Pengadilan Agama Ibukota Terancam Tenggelam!!
Oleh: H. Faisal Saleh, Lc, M.Si
(Cakim Pengadilan Agama Jakarta Barat)
Mungkin judul diatas tak berlebihan, setidaknya kalau berkaca pada pengalaman banjir besar yang pernah melanda ibu kota pada awal 2007 silam. Saat itu, sebagian besar wilayah DKI Jakarta terendam banjir, sehingga jika disaksikan dari udara nyaris lebih dari 70 persen wilayah Jakarta tampak terendam.
Kantor Pengadilan Agama Jakarta Barat, merupakan salah satu pengadilan di Ibukota Negara Indonesia yang paling sering mengalami musibah banjir. Sebagian lokasi disekitar wilayah Pengadilan Agama Jakarta Barat telah mengalami perubahan wajah yang sangat drastis, perumahan susun dengan pondasi lebih tinggi, tempat pembuangan sampah yang semakin mendekat, dan kini sedang dibangun Sekolah Menengah Kejuruan yang dahulu merupakan lokasi resapan air di kawasan tersebut, sehingga menjadikan Lokasi Kantor Pengadilan Agama Jakarta Barat satu-satunya penampung resapan banjir di wilayah sekitarnya.

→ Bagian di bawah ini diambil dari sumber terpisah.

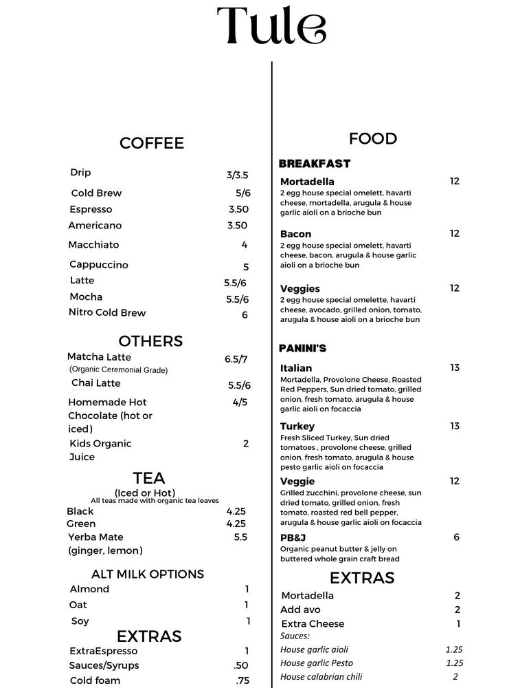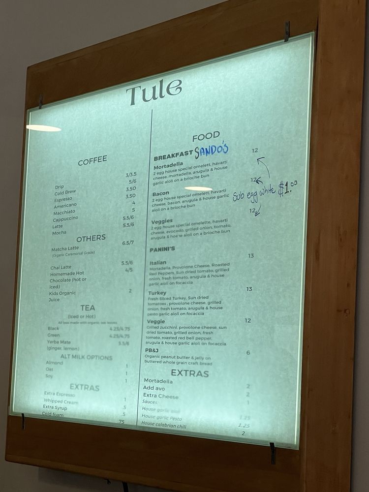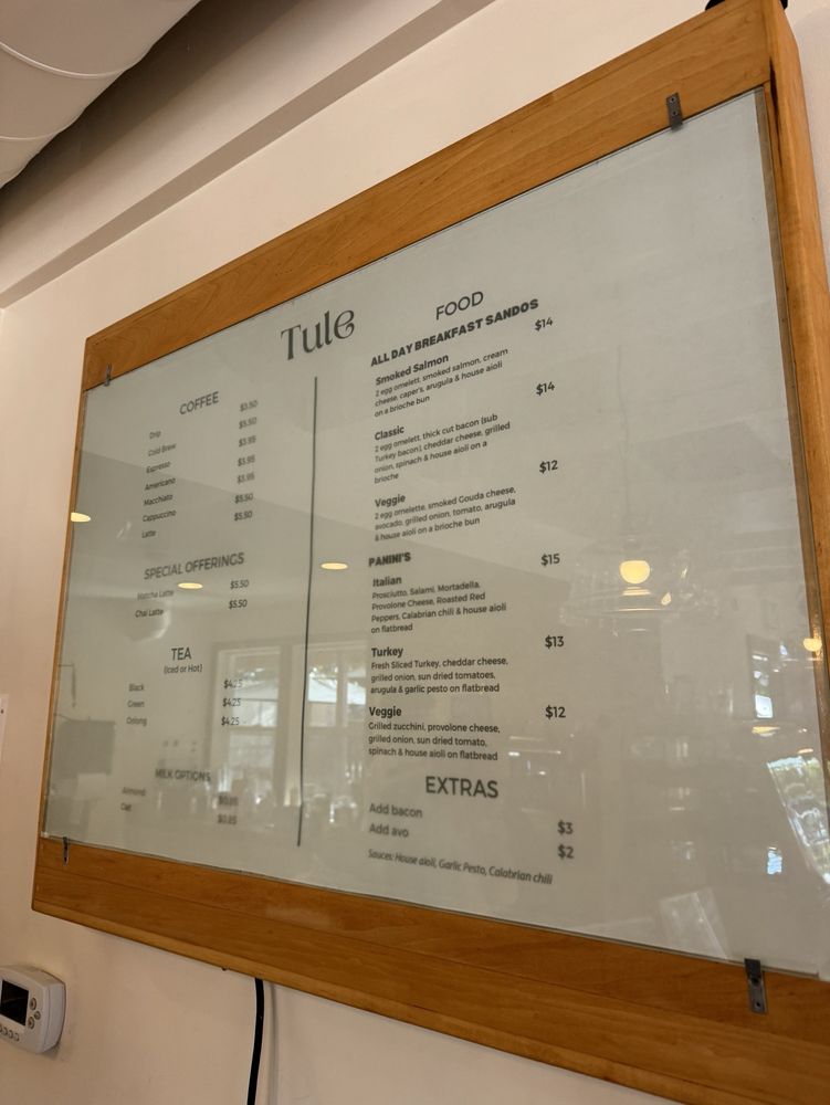 Tule Coffee House, located in Elk Grove, CA, is a cozy breakfast and brunch spot known for its delicious sandwiches. With a focus on accessibility and sustainability, Tule offers ADA-compliant facilities, QR code menus, and plastic-free packaging. Customers praise the spacious outdoor seating area, quick and attentive service, and large portions of food. Reviewers recommend trying the matcha drinks, Italian Panini, and decadent pastries. The cafe exudes a warm and welcoming vibe, making it a perfect spot for a quick bite or to relax and work from home. Whether you're a coffee enthusiast or looking for a new brunch spot, Tule Coffee House promises a delightful experience.

Ancaman tenggelam bukan basa-basi, menurut penelitian para peneliti Geoteknologi LIPI, sepanjang pesisir pantai Jakarta memiliki kerentanan yang cukup tinggi untuk terjadinya amblas jika terjadi getaran. Kondisi tanah di Jakarta Barat memungkinkan terjadinya amblas karena struktur tanahnya berpasir dan rawa. Selain rawan amblas akibat liquifaksi atau getaran, tingginya pengeboran air tanah juga menyebabkan penurunan muka tanah setiap tahun sedikitnya lima centimeter per tahun.

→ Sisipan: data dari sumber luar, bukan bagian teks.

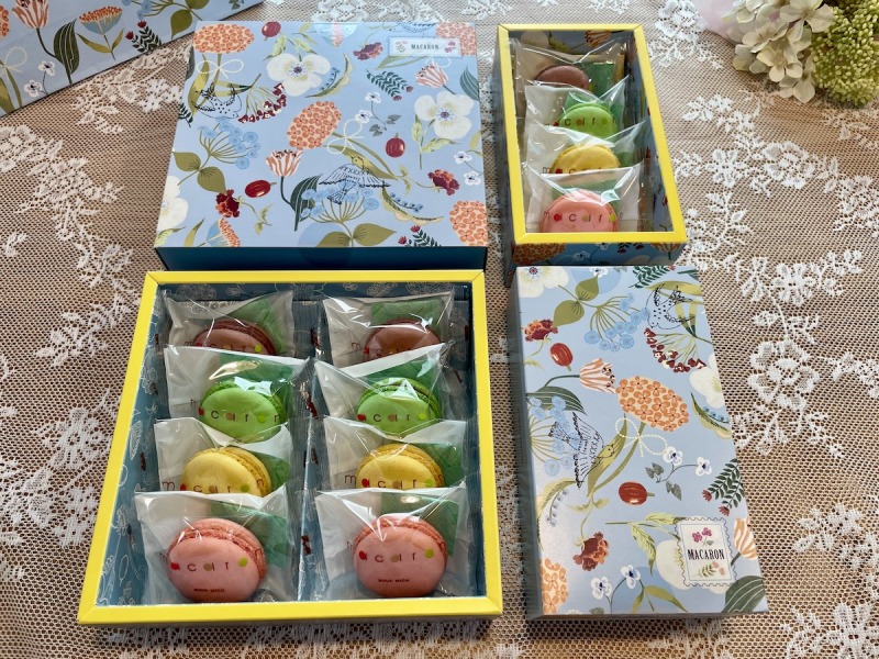 箱を開けた瞬間、思わずかわいい!と声が出るカラフルなマカロン。ピンク色の「フランボワーズ」はきゅんと甘酸っぱく、黄色の「アプリコットバナナ」はフルーティーでまろやか。緑色の「洋梨」はみずみずしい香りが広がり、茶色の「カフェ」はほろ苦さもある大人の味わい。ガナッシュクリームは濃厚で、外側のさっくり感と内側のしっとり感のコントラストが心地よい仕上がりです。春らしい彩りは、ギフトとしての“映え”も間違いなし。

KITA memang bangsa yang pelupa dan tak mau belajar dari pengalaman. Banjir besar yang memorak-porandakan Ibu Kota Negara dalam siklus lima tahun 2002 dan 2007 (diperkirakan berikutnya tahun 2012) seolah berlalu begitu saja. Padahal, air bah kala itu sudah memberi peringatan yang sungguh nyata, salah satu tempat pencari keadilan di Ibukota negara terendam setinggi satu meter lebih dengan dipenuhi genangan lumpur dan sampah. Setiap hujan turun kantor Pengadilan Agama Jakarta Barat tergenang air yang berlumpur, para pencari keadilan enggan datang walaupun mereka dalam kondisi terzalimi ingin menuntut haknya sebagai warga negara, dan karyawan pun bersiap pulang karena ketakutan terjebak banjir yang belajar dari pengalaman sebelumnya.
Tak terbayang, bagaimana jadinya wajah PENGADILAN AGAMA JAKARTA BARAT SEBAGAI SALAH SATU PENGADILAN DI IBUKOTA NEGARA menghadapi banjir—yang sudah menjadi siklus lima tahunan—pada tahun 2012 nanti. Disaat sanjungan dan pujian atas pelayanan masyarakat yang dibarengi perkembangan teknologi informasi pada peradilan agama yang cukup signifikan, namun disatu sudut ibukota negara ditemukan Para Hakim dan Panitera Pengganti sibuk membersihkan berkas perkara dari air sampah yang mengenangi tempat pencari keadilan yang agung.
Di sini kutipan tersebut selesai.